The first is the future – a desire to be future facing, in a moment where the world is so different than it ever has been before, so much so that it is beyond previous imagination. By this I mean the world population of human animals doubling in the last forty years, climate apocalypse, the internet as a language based human nervous system emerging in the last three decades etc… No more on this, but to me the avant-garde gives poets more in the way of preparatory strategies than the classically fascinating, formal, history-facing poet. I’ve been asked why it is important to be future-facing. To know the past, as I try to do, reading as much classical poetry as I can (ought to?) is useless without having a stake in the future. It is undeniable that the default mode of contemporary British poetry is conceptually, theoretically and methodologically facing backwards, over its shoulder, resisting what might lie ahead.
'What is the possibility of the page?'
The second is potential. What is the possibility of the page? Does it stop at times new roman size 12 left aligned grammatically correct first person narrative anecdotes of emotional insight, as most poetry books are? No. White space, paper stock, colour, font, language as material - this is the domain of the poet, if any kind of artist. The poet is a language artist, and these material concerns are not just for the graphic designer, or text artist etc… This is all a frame of mind, a mode.

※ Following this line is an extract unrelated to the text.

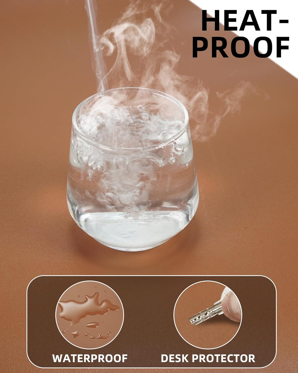 Leather Desk Pad Protector,55"x17" - Premium Desk Mat, Office Desk Mat, Large Mouse Pad,Non-Slip Desk Blotter,Waterproof Desk Writing Pad for Office and Home(Brown)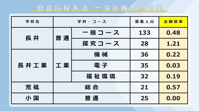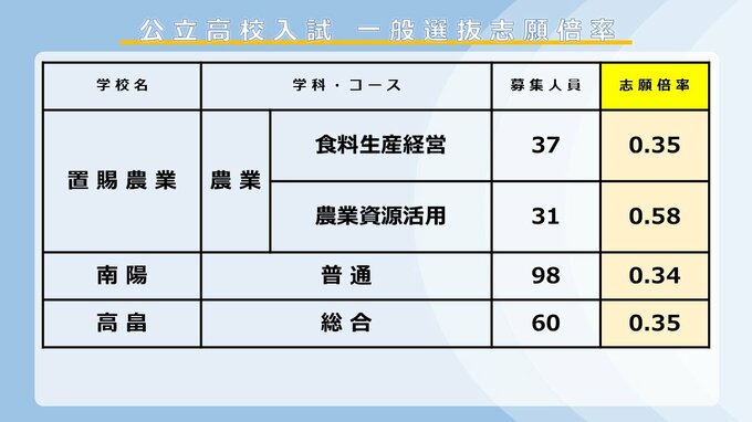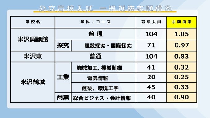 【全高校掲載】2026年度山形県公立高校入試 志願倍率 令和8年度後期(一般)選抜入試 村山・置賜・庄内・最上地方の公立高等学校 2026年2月24日(火) 17:40 国内 ■置賜地方の高校は 米沢興譲館普通科は1.05倍、探求科は0.97倍。米沢東普通科は定員割れ、米沢鶴城も全ての学科で定員割れです。

The third, most importantly to me, is my naiveté as it relates to poetry. I have only been writing, performing, painting, for a sixth of my life, or thereabouts. It all, for better or worse, flooded in at once. Before, and since, I am fundamentally confused, about most things, about poetry. Why is what might be taken for a normal, everyday sentence, describing an event or incident or anecdote, but given line breaks, called a poem? And speaking most generally, I find existence relatively adversarial, within the comfort I’m lucky to have (again I mean macroanalytically thinking, life is adversarial as its fundamentally degrading before expiry etc…) And this is often the state of avant-garde work. It is confused, can appear inexact, or exacting, it is equal to life, it does not control the uncontrollable, it mirrors it. It presents questions to questions, not unlikely answers.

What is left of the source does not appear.